*The problem*:
The answer must be an exact copy of the records, with every picture left out.

══ Supplied material ══

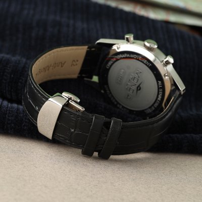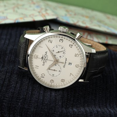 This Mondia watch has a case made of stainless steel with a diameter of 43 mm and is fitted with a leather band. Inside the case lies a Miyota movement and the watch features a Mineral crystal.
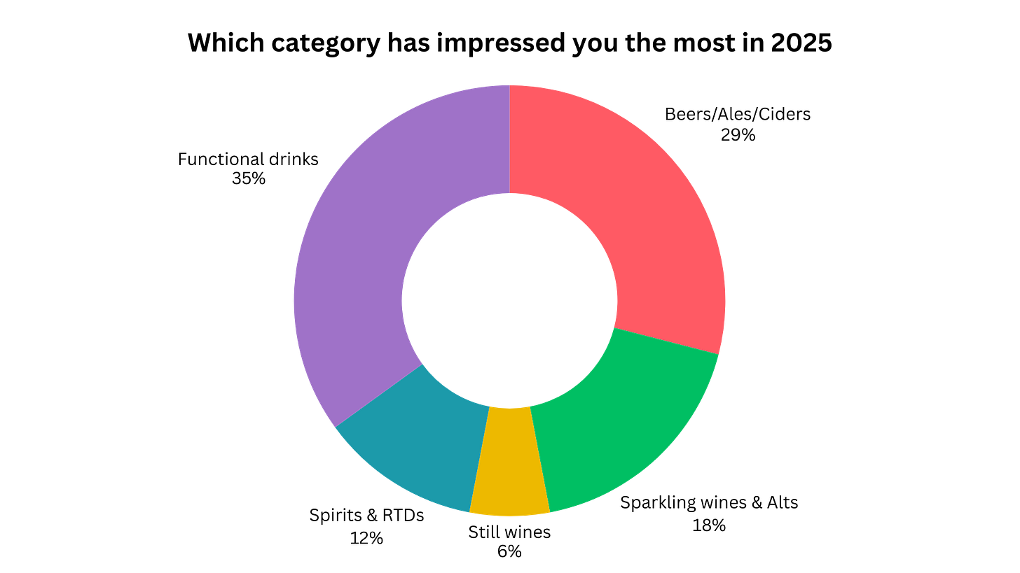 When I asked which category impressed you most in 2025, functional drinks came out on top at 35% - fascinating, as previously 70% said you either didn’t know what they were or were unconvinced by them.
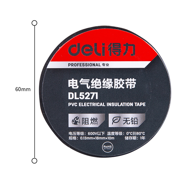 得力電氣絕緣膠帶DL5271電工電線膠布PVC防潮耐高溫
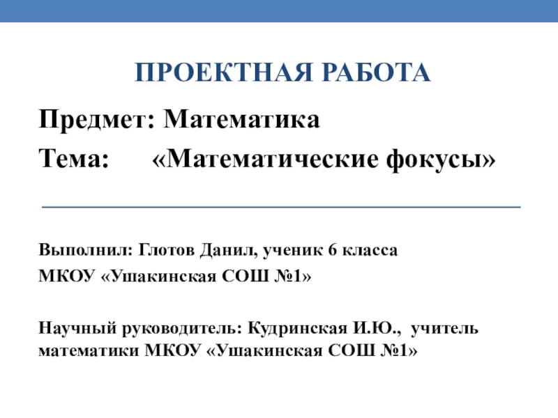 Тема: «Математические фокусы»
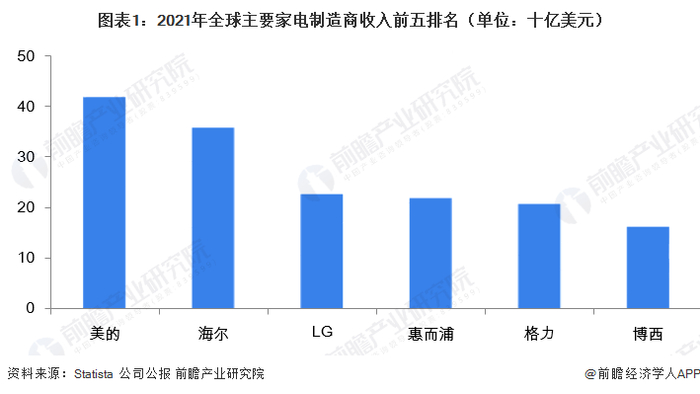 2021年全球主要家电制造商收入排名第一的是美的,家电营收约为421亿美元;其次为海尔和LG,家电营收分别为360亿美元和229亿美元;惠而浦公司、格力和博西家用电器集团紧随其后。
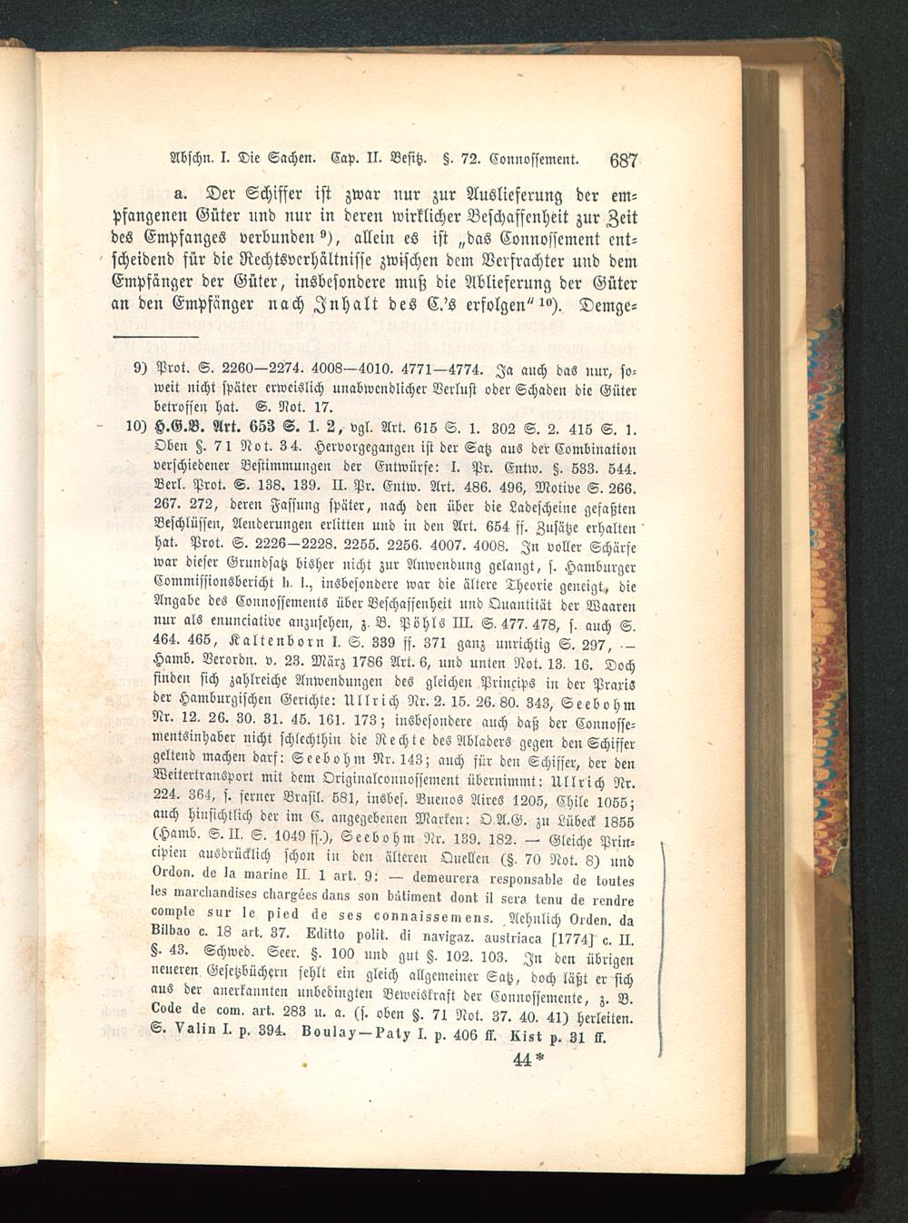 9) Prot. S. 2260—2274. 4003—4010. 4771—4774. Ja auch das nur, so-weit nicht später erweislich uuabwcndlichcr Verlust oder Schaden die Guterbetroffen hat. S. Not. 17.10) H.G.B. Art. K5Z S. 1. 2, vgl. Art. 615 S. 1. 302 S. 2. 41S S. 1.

═══

*Exercise answer*:
 This Mondia watch has a case made of stainless steel with a diameter of 43 mm and is fitted with a leather band. Inside the case lies a Miyota movement and the watch features a Mineral crystal.
 When I asked which category impressed you most in 2025, functional drinks came out on top at 35% - fascinating, as previously 70% said you either didn’t know what they were or were unconvinced by them.
 得力電氣絕緣膠帶DL5271電工電線膠布PVC防潮耐高溫
 Тема: «Математические фокусы»
 2021年全球主要家电制造商收入排名第一的是美的,家电营收约为421亿美元;其次为海尔和LG,家电营收分别为360亿美元和229亿美元;惠而浦公司、格力和博西家用电器集团紧随其后。
 9) Prot. S. 2260—2274. 4003—4010. 4771—4774. Ja auch das nur, so-weit nicht später erweislich uuabwcndlichcr Verlust oder Schaden die Guterbetroffen hat. S. Not. 17.10) H.G.B. Art. K5Z S. 1. 2, vgl. Art. 615 S. 1. 302 S. 2. 41S S. 1.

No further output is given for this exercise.